SRI24 Multi-Channel Brain Atlas Data
The results for reconstruction upon phase encoding undersampling with acceleration R = 4 are given in Fig. 3. In this case, Lustig et al.'s algorithm returned 9.4 % RMSE, while the error was 3.2 % and 2.3 % for M-FOCUSS and joint Bayesian CS methods, respectively. The reconstructions took 43 minutes for gradient descent, 5 minutes for M-FOCUSS and 26.4 hours for the Bayesian CS algorithm.

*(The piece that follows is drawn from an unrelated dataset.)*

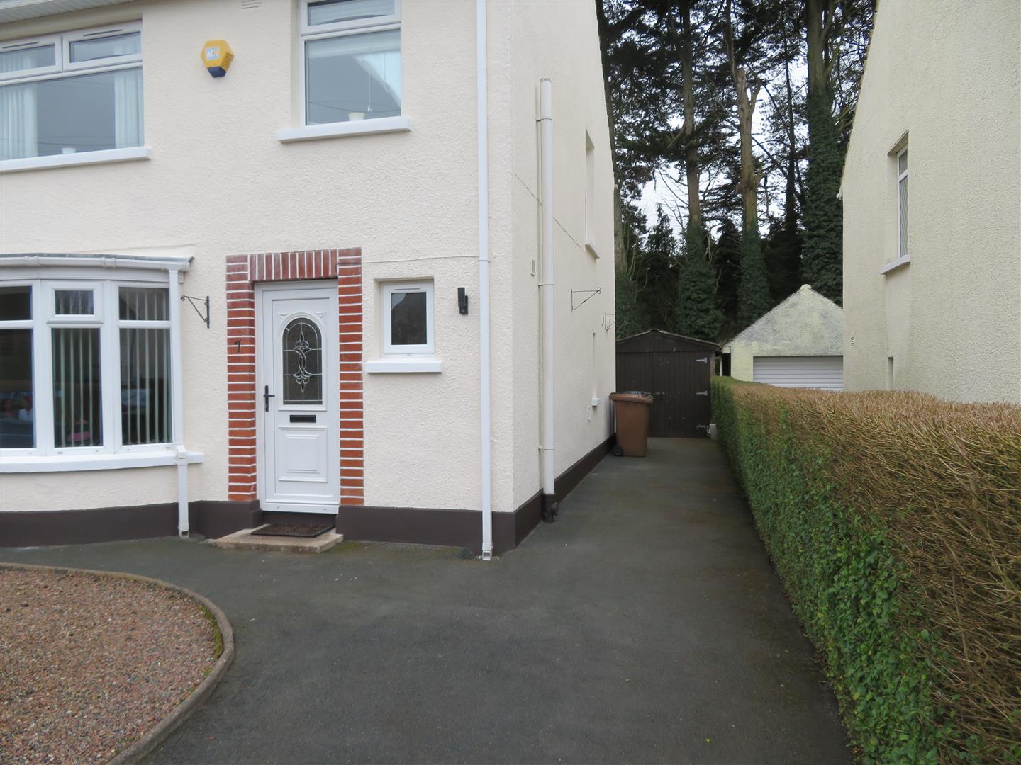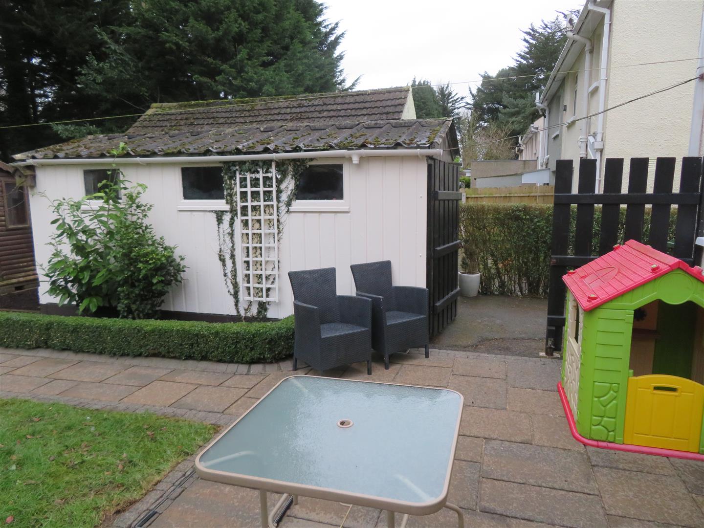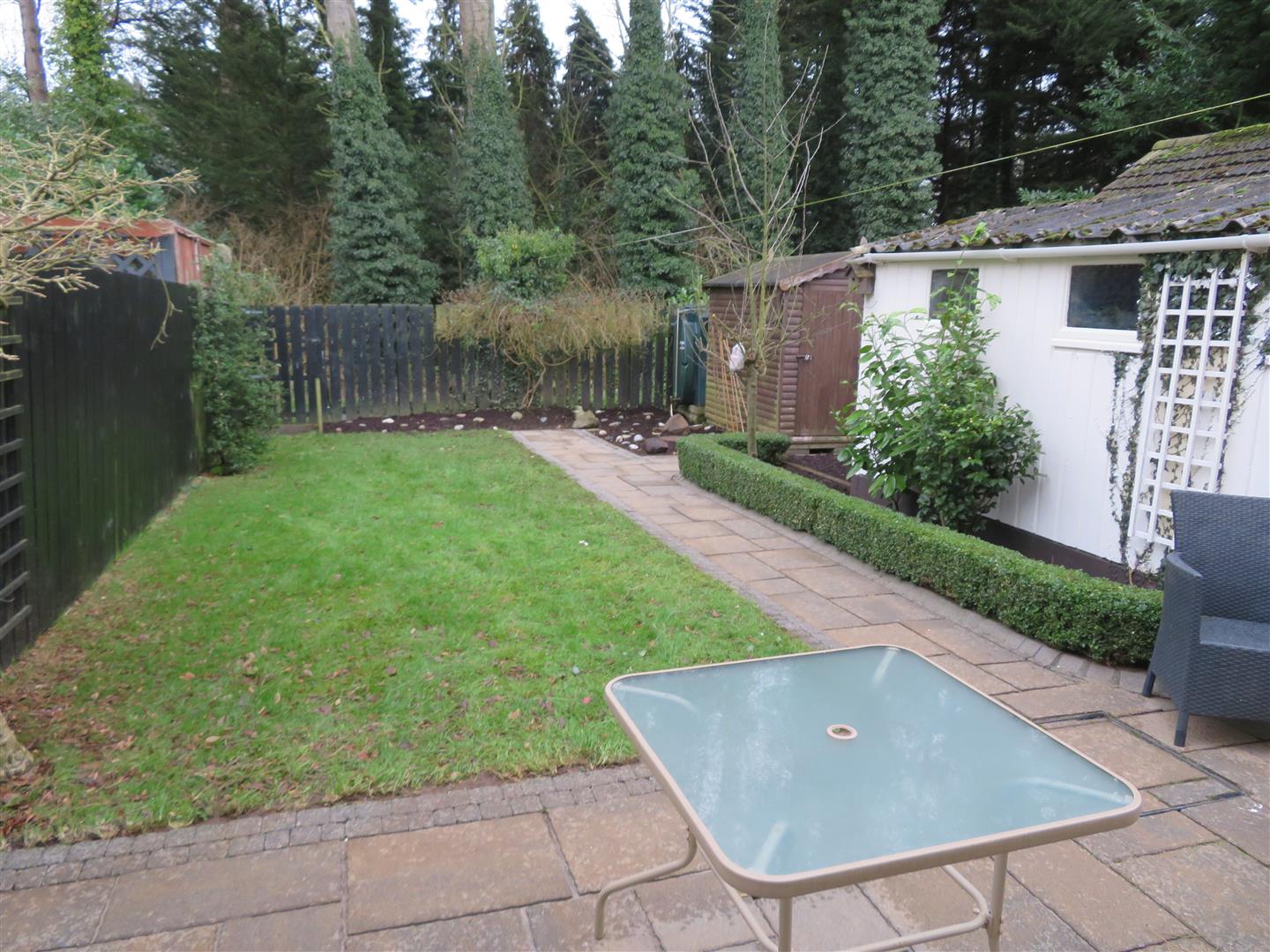 Tarmac driveway and pebble bed to front of house. Private mature rear garden with spacious patio area, lawn and flower beds.

Turbo Spin Echo (TSE) Slices with Early and Late TE's
Fig. 4 depicts the TSE reconstruction results obtained with the three algorithms after undersampling along phase encoding with acceleration R = 2.5. In this setting, Lustig et al.'s code returned a result with 9.4 % RMSE, whereas M-FOCUSS and joint Bayesian reconstruction had 5.1 % and 3.6 % errors, respectively. The total reconstruction times were 26 minutes for gradient descent, 4 minutes for M-FOCUSS and 29.9 hours for the Bayesian CS algorithm.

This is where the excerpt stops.